**Exercise description:** Would you transcribe the whole listing exactly and drop its images?

**Recorded information:**
***
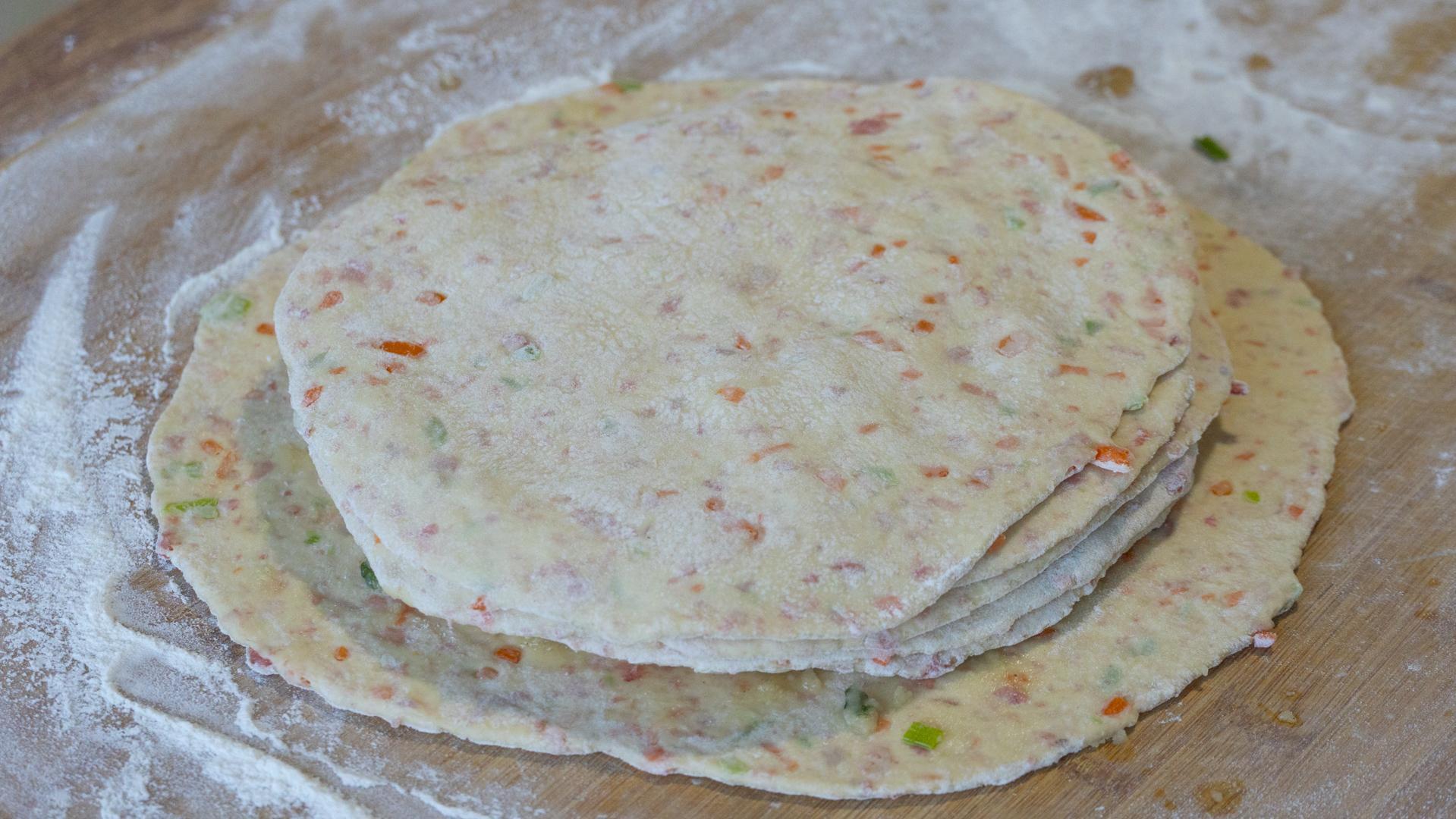 7、最後開始擀麪,擀開擀薄,也不用特別薄,大約跟硬幣的厚度差不多就可以了。全部擀好後把最大的麪餅放最下面,中間刷上油酥,然後放上第二張麪餅,繼續刷油酥,再放第三張,直到麪餅全部放完,最後一張不用刷油酥。
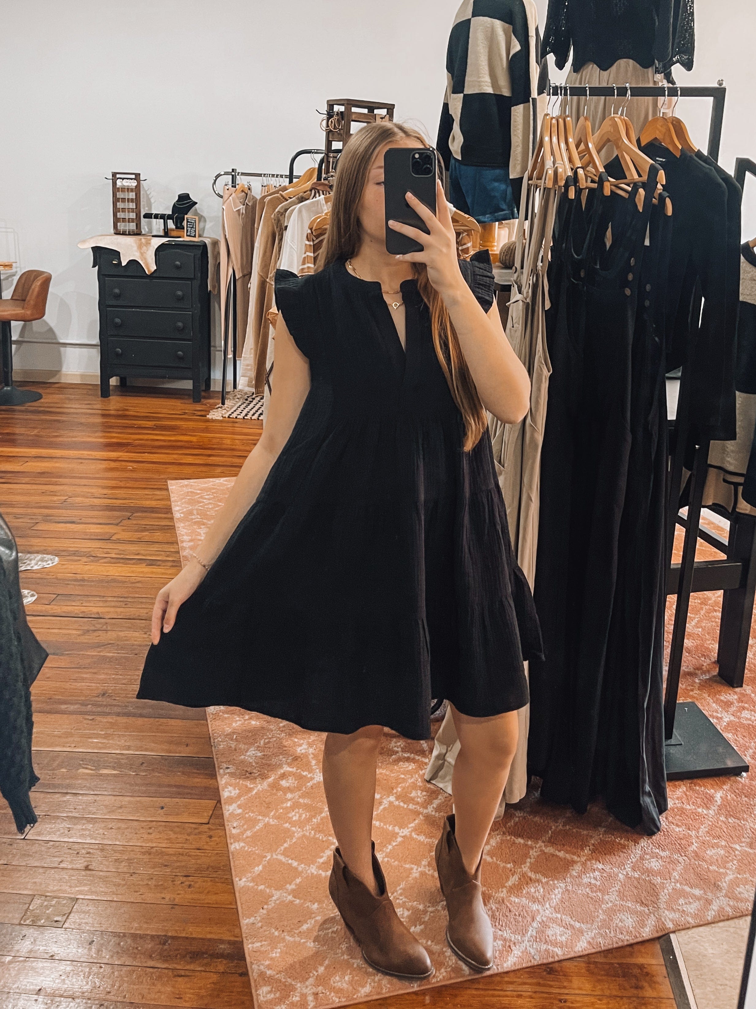 The perfect dress for Fall Family pics! Neutral to mix & match with other complimentary colors, while standing out with the Muslin Material! TTS, flowy fit, Hannah and Harleigh are both wearing a size Small!
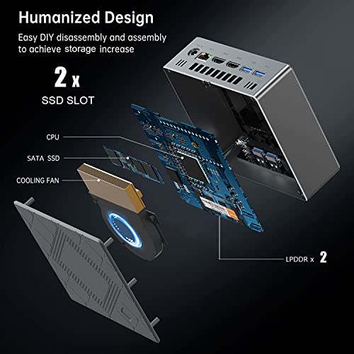 Der Mini-PC ist mit 16GB DDR RAM und 512 GB SSD ausgestattet, ermöglicht es Ihrem Desktop-Mikro-PC, verschiedene Hochleistungsaufgaben gleichzeitig auszuführen, mehr zu erreichen mit Multitasking über DDR4-Speicher, ideal für den reibungslosen Wechsel zwischen Anwendungen mit hoher Auslastung. Sie können den Speicherplatz auch mit M.2-SSD-Schnittstelle oder 2,5-Zoll-SATA-SSD auf bis zu 2 TB erweitern (beide nicht im Lieferumfang enthalten)
***
**Output of the task:**
 7、最後開始擀麪,擀開擀薄,也不用特別薄,大約跟硬幣的厚度差不多就可以了。全部擀好後把最大的麪餅放最下面,中間刷上油酥,然後放上第二張麪餅,繼續刷油酥,再放第三張,直到麪餅全部放完,最後一張不用刷油酥。
 The perfect dress for Fall Family pics! Neutral to mix & match with other complimentary colors, while standing out with the Muslin Material! TTS, flowy fit, Hannah and Harleigh are both wearing a size Small!
 Der Mini-PC ist mit 16GB DDR RAM und 512 GB SSD ausgestattet, ermöglicht es Ihrem Desktop-Mikro-PC, verschiedene Hochleistungsaufgaben gleichzeitig auszuführen, mehr zu erreichen mit Multitasking über DDR4-Speicher, ideal für den reibungslosen Wechsel zwischen Anwendungen mit hoher Auslastung. Sie können den Speicherplatz auch mit M.2-SSD-Schnittstelle oder 2,5-Zoll-SATA-SSD auf bis zu 2 TB erweitern (beide nicht im Lieferumfang enthalten)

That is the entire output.